I'm not quite sure this is analoguous to your euclidean example, but I believe this would do what you want.
• 04-16-2007
SevenThunders
The metric you are using is closely related to the normalized mean square error defined by

min_alpha || a * alpha - b ||^2 / || b ||^2 where we minimize over all possible scalars alpha that scale a to look like b and then normalize with respect to the reference vector b. It's easy to see that this is the sin(theta)^2 of the angle theta formed between the vectors a and b. Obviously this is 1 - cos(theta)^2.

A natural extension would be to use a weighted square norm. Let G be the diagonal weighting matrix. Your modified norm looks like,

||a||_G = a' * G * a, where a' is the transpose of a. This is entirely equivalent to replacing a with sqrt(G) * a, prior to taking the norm. Thus if we were to use the modified norm it suffices to replace a with sqrt(G)*a and b with sqrt(G)*b and then proceed with the computation of the normalized norm or more directly the cosine of the angle between the two vectors.
• 04-16-2007
brewbuck
Quote:

Originally Posted by KONI
A high important factor gives a much higher impact to even small differences, by multiplying the distance by a bigger number. A small difference of "0.1" but with an important of 10 will add "1" to the total distance instead of the unimportant 0.1

What I can't figure out is to how to express the exact same thing with the cosine similarity. I tried modifying the formula in several ways, but each try failed.

Don't modify the formula. Modify the data flowing into it. In general, you are looking for a transformation of the data vector that produces new features whose relative importance is more closely matched.

The simplest such method would be to scale each feature independently according to some subjective idea of how important it is. This is equivalent to choosing a transformation with non-zero values only along the diagonal of the matrix. But you could use something more complex in order to account for possible dependencies between features.
• 04-17-2007
KONI
Thanks a lot for the input. The main difference between multiplying the difference between two components by a certain factor and modifying either the data or the formula in the cosine similarity is the following:

The cosine calculates the angle between two normalized projections of vectors onto their axis. If I modify that data by applying a "weight", I modify the position of that point on the axis. This doesn't influence one bit the importance of that vector onto the global result but rather the correctness of the result.

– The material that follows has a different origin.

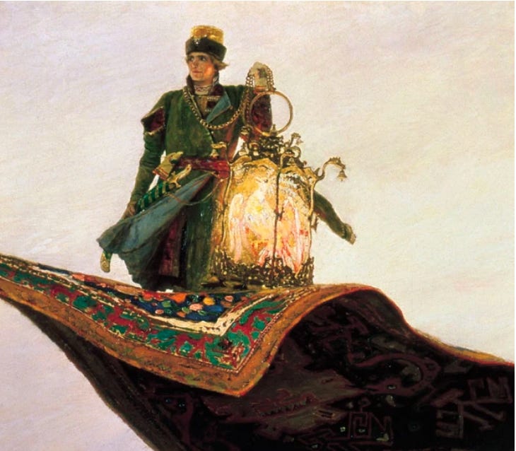 The story depicted in this painting is about Prince Ivan and the Firebird. A young Prince steals a Firebird and rescues a Princess, and in some versions of the story, flies home on a magic carpet. This painting situates the Russian fairy tale in the real life Russian landscape thus bringing the story to life so that if someone were to see this landscape in reality, they could imagine a magic flying carpet might have flown through the sky there.

I tried modifying the query vector and/or the corpus vectors to take into account a certain weight, but rather than emphasis a certain criteria, it modifies the result by changing the direction of the vector.

@Seventhunders:
What you say makes a lot of sense and I would love to give it a try. The problem is that, even if what you say works, it is computationally to expensive in regard of the two other methods I've found. When I asked that question in the science.math newsgroup, the very intelligent answer I've got was "if you can do it with the block distance, why try and do it with the cosine similarity" ... and he was right. Why try to go through so much trouble to get the cosine to work if I can simply use the euclidean/block distance.

I've attached a small part of the document I'm working on and if you have anything to add, I appreciate your constructive input.
• 04-17-2007
brewbuck
Quote:

Originally Posted by KONI
The cosine calculates the angle between two normalized projections of vectors onto their axis. If I modify that data by applying a "weight", I modify the position of that point on the axis. This doesn't influence one bit the importance of that vector onto the global result but rather the correctness of the result.

I wasn't talking about changing the importance of vectors (I'm not sure what that even means). I meant to apply scaling to the particular elements of the vector. The idea being to cast the vectors into a new space where the cosine similarity measure gives better results. Finding the best transformation is going to take more effort than just trying a few values you think will work.

In other words, you are computing the cosine similarity between T(A) and T(B), instead of between A and B.